» **Work request**: In the data below, find the line containing "проголосовал на выборах", then set down that line and every later line up to and including the line containing "2025年10月14日,在吉林省公主岭市,农民驾驶农机收割水稻(无人机照片) 新华社记者 张楠", exactly.

» **Record excerpts**:
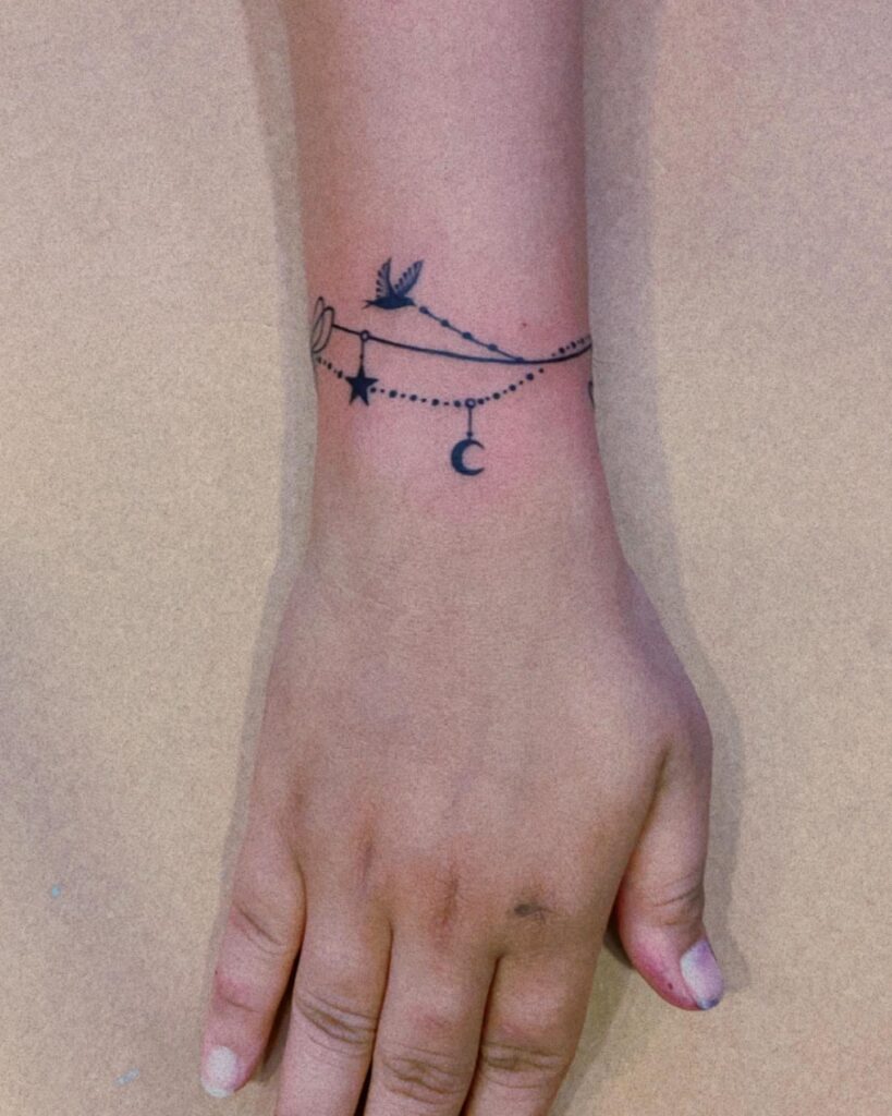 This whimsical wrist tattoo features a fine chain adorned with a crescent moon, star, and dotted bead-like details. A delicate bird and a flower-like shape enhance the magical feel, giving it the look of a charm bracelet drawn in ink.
---
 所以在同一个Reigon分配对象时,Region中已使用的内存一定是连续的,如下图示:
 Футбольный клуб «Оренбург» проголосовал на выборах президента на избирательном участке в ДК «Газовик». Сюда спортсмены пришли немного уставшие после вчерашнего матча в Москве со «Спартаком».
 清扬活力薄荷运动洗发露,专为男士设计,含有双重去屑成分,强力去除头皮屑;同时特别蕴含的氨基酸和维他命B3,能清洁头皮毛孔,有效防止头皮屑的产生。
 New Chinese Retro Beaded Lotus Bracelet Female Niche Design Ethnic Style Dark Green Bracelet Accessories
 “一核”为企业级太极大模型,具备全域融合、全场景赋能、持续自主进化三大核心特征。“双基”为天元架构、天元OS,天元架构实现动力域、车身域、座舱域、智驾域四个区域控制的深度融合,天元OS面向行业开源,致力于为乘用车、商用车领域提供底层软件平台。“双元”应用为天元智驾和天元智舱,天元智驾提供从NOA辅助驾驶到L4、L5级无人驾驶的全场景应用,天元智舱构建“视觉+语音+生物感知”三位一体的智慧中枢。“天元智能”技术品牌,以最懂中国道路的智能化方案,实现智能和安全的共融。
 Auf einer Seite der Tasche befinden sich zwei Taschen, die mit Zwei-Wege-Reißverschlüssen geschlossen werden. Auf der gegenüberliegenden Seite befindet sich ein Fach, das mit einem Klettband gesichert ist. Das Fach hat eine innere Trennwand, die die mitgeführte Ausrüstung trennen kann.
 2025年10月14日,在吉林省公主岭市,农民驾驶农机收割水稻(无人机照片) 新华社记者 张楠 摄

» **Answer space**:
 Футбольный клуб «Оренбург» проголосовал на выборах президента на избирательном участке в ДК «Газовик». Сюда спортсмены пришли немного уставшие после вчерашнего матча в Москве со «Спартаком».
 清扬活力薄荷运动洗发露,专为男士设计,含有双重去屑成分,强力去除头皮屑;同时特别蕴含的氨基酸和维他命B3,能清洁头皮毛孔,有效防止头皮屑的产生。
 New Chinese Retro Beaded Lotus Bracelet Female Niche Design Ethnic Style Dark Green Bracelet Accessories
 “一核”为企业级太极大模型,具备全域融合、全场景赋能、持续自主进化三大核心特征。“双基”为天元架构、天元OS,天元架构实现动力域、车身域、座舱域、智驾域四个区域控制的深度融合,天元OS面向行业开源,致力于为乘用车、商用车领域提供底层软件平台。“双元”应用为天元智驾和天元智舱,天元智驾提供从NOA辅助驾驶到L4、L5级无人驾驶的全场景应用,天元智舱构建“视觉+语音+生物感知”三位一体的智慧中枢。“天元智能”技术品牌,以最懂中国道路的智能化方案,实现智能和安全的共融。
 Auf einer Seite der Tasche befinden sich zwei Taschen, die mit Zwei-Wege-Reißverschlüssen geschlossen werden. Auf der gegenüberliegenden Seite befindet sich ein Fach, das mit einem Klettband gesichert ist. Das Fach hat eine innere Trennwand, die die mitgeführte Ausrüstung trennen kann.
 2025年10月14日,在吉林省公主岭市,农民驾驶农机收割水稻(无人机照片) 新华社记者 张楠 摄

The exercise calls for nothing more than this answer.